You probably can if you have wireless charging. It just wouldn’t be very much to be noticeable. Not enough volts/amps.
Your phone does gain a charge of static electricity along with the rest of you, but there’s no difference in the gained charge across the pins on the charging port. So since the charging port pins see the same increase in charge they have no electric force to push it into the battery. You’re pushing equally hard into the entrance and exit. It’s like trying to blow into both ends of a hose at the same time.
Let me ask you a question, would it quench your thirst to have a glass of water poured over you?

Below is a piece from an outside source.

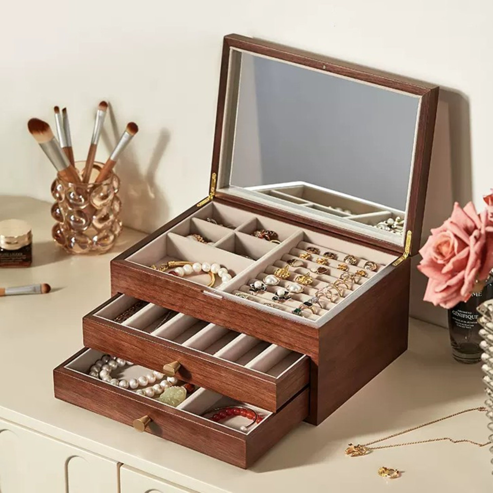 3 Layers One-way mirror Glass cover Wooden Jewelry Box Organizer,La...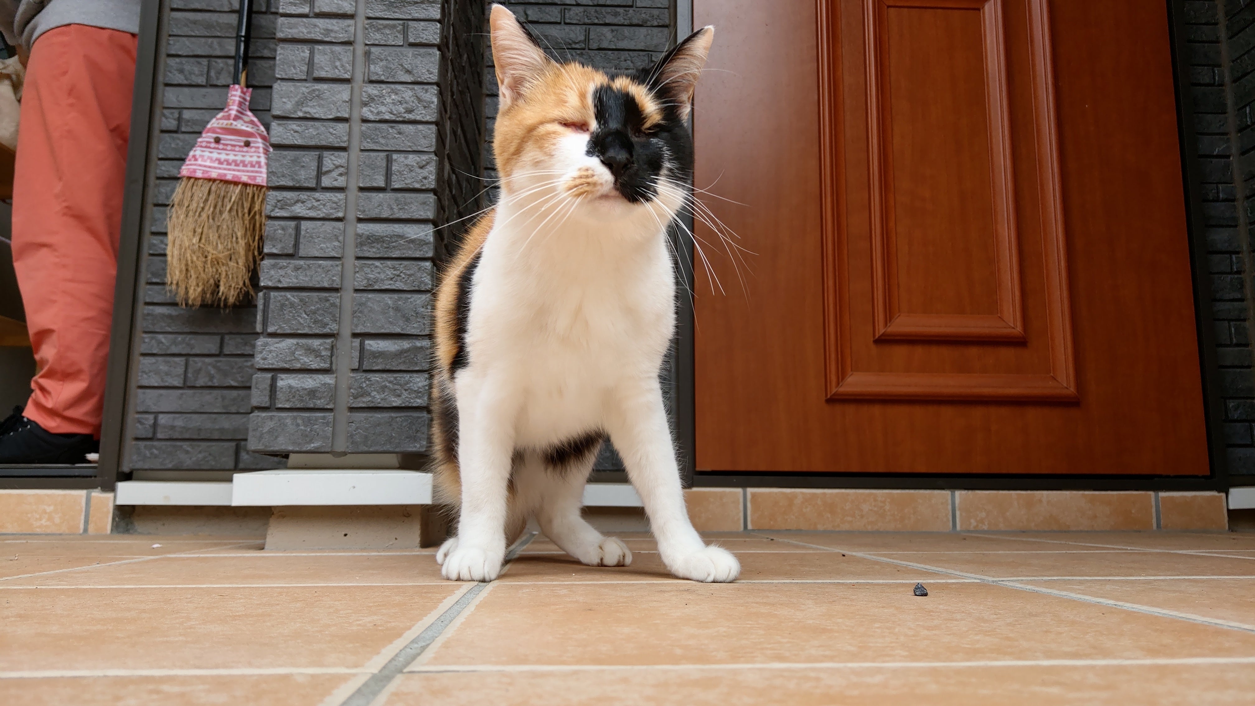 今では華奢な身体からは想像もつかない猫パンチを身に着け、集中力が増すと「座頭市モード」で、もう一匹の猫いとちゃんをタジタジにさせます。

Not correct voltage, (your phone expects to be charged at between 5 and 20V or so) the other thing is that by rubbing your feet you gather some electrons, it’s only because you did a lot of rubbing that all the extra electrons (or missing electrons, conversely) pile up or a matter of a few seconds or more, but it immediately discharges in a matter of nanoseconds (1-100 nanoseconds according to this source).
the relevant excerpt
From this stack exchange source: a nasty shock is about 3.7mJ, so for the duration of the shock (100ns) it is 37 000W, but since it took a few seconds at the very least, the average rate at which you collected that electrostatic energy from the carpet is 0.00074W, if my math is correct.
So if you had 1350 friends holding your phone rubbing your carpet, or socks that made your feet 1350 as big, and a very fancy voltage regulator, you might be able to charge a phone at rates similar to a charger?
A hand-cranked or pedal-operated generator, a solar panel would be far more feasible.